Boot mechanism for discless HP-UX - technical
Perry E. ScottBoot Mechanism for Discless HP-UX
THE IMPLEMENTATION OF A DISCLESS WORKSTATION requires three distinct services: a remote file system, a remote swapping capability, and the ability to load and initialize the operating system from a remote source. All of these services are implemented for the HP-UX 6.0 system with the goal of maintaining a single-system view. For the boot mechanism this means that although the operating system and its loader are on a remote system (i.e., the root server), a user can power up any workstation in a cluster and get the same boot sequence that is experienced with a stand-alone system. A stand-alone system is a workstation that uses a local disc for booting and file system operations. This article describes how the standard HP-UX boot mechanism works, and the modifications made for the HP-UX 6.0 discless implementation.
Overview
The major modules and interfaces involved in the HP-UX system boot mechanism are shown in Fig. 1. Fig. 1a shows the boot components for a conventional stand-alone HP-UX system and Fig. 1b shows the components for a discless configuration. The following sequence outlines what happens when a discless workstation is powered on and booted. A more detailed description of these steps and the components shown in Fig. 1 is given later.
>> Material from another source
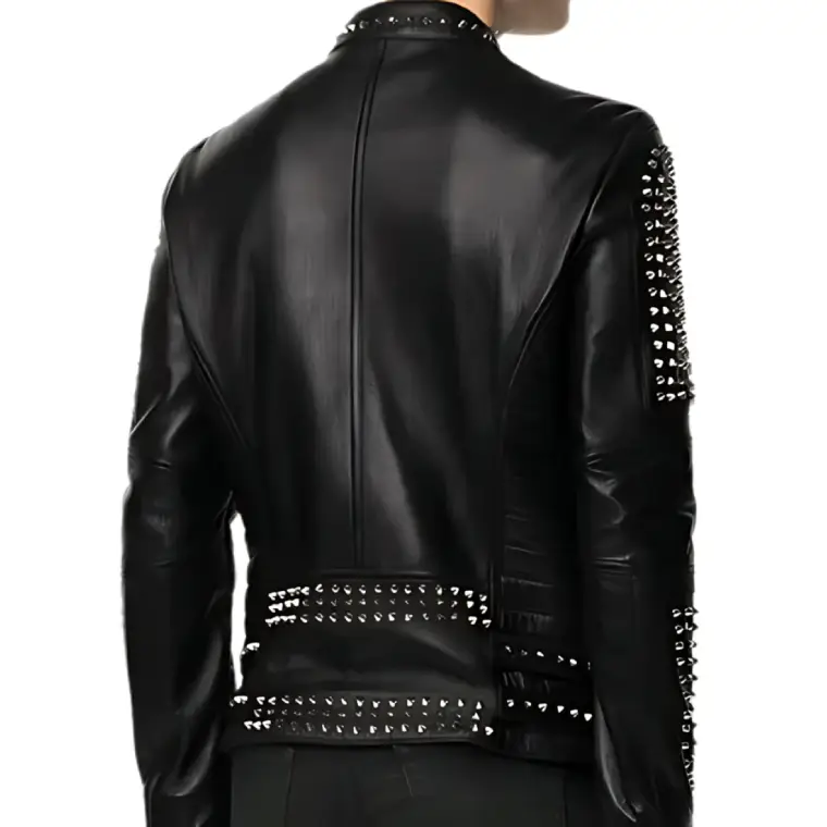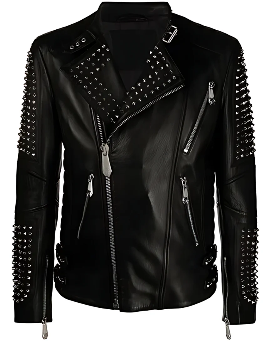 This Leone black studded leather jacket is built for men who prefer a sharp, performance-inspired silhouette with bold detailing. Crafted from real lambskin leather, it features convertible studded lapels with a buckled throat, allowing you to adjust the look based on your riding or styling needs. Subtle stud placement keeps the design aggressive without overpowering the jacket’s clean racer profile.
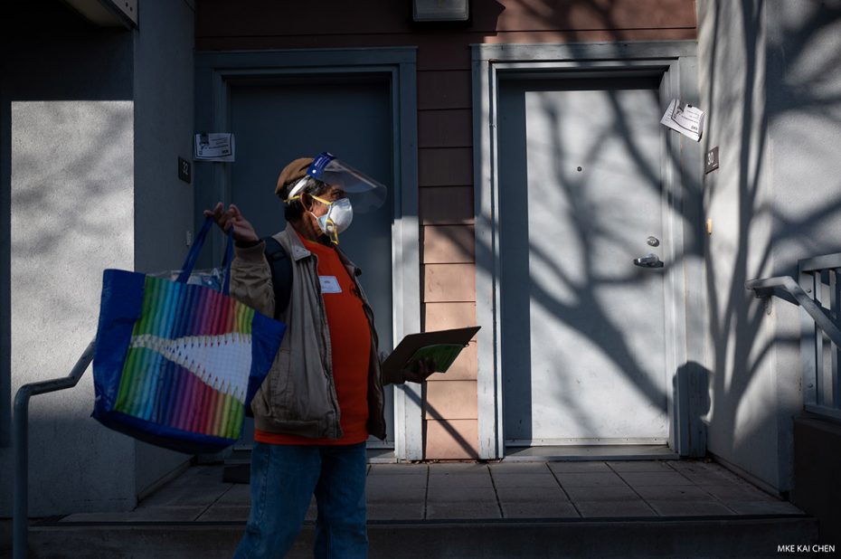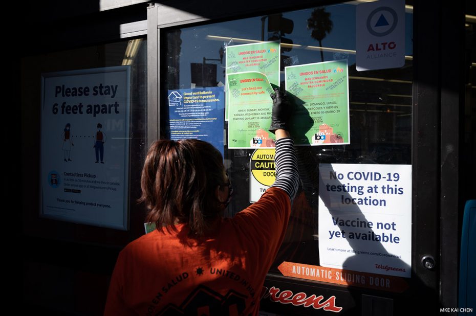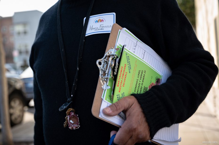 Construction worker and Unidos En Salud volunteer Melitón Ruiz canvasses the neighborhood. Ja. 8, 2021 Photo by Mike Kai Chen.

* After power-up, the boot ROM searches for and assigns an input device (keyboard) and an output device (display) to use as a console.
* The boot ROM checks for and tests interface cards, RAM, and other internal peripherals. It then displays the information shown in the left side of Fig. 2. This is called self-test.
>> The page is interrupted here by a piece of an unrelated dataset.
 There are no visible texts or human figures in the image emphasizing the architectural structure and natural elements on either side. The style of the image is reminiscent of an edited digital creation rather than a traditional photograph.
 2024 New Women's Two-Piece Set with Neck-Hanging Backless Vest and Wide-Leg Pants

* The boot ROM loader polls all supported mass storage devices and LANs connected to the computer for an operating system, and the message SEARCHING FOR ASYSTEM (RETURN To Pause) appears on the display (see Fig. 2).
* If the user strikes the keyboard during self-test the boot ROM assumes the user wants to control the selection of the operating system to boot. This is called the attended mode. When this is done a list of available operating systems appears on the right side of the display (see Fig. 2). The user selects a system by entering one of the two character codes (e.g., 1H). If a key is not struck the boot ROM loader automatically selects the first bootable system it finds. This is called the unattended mode.
* Once the operating system is chosen (assume 1H) the boot ROM retrieves the secondary loader from the server and loads it into RAM on the discless cnode. Control is then transferred to the secondary loader.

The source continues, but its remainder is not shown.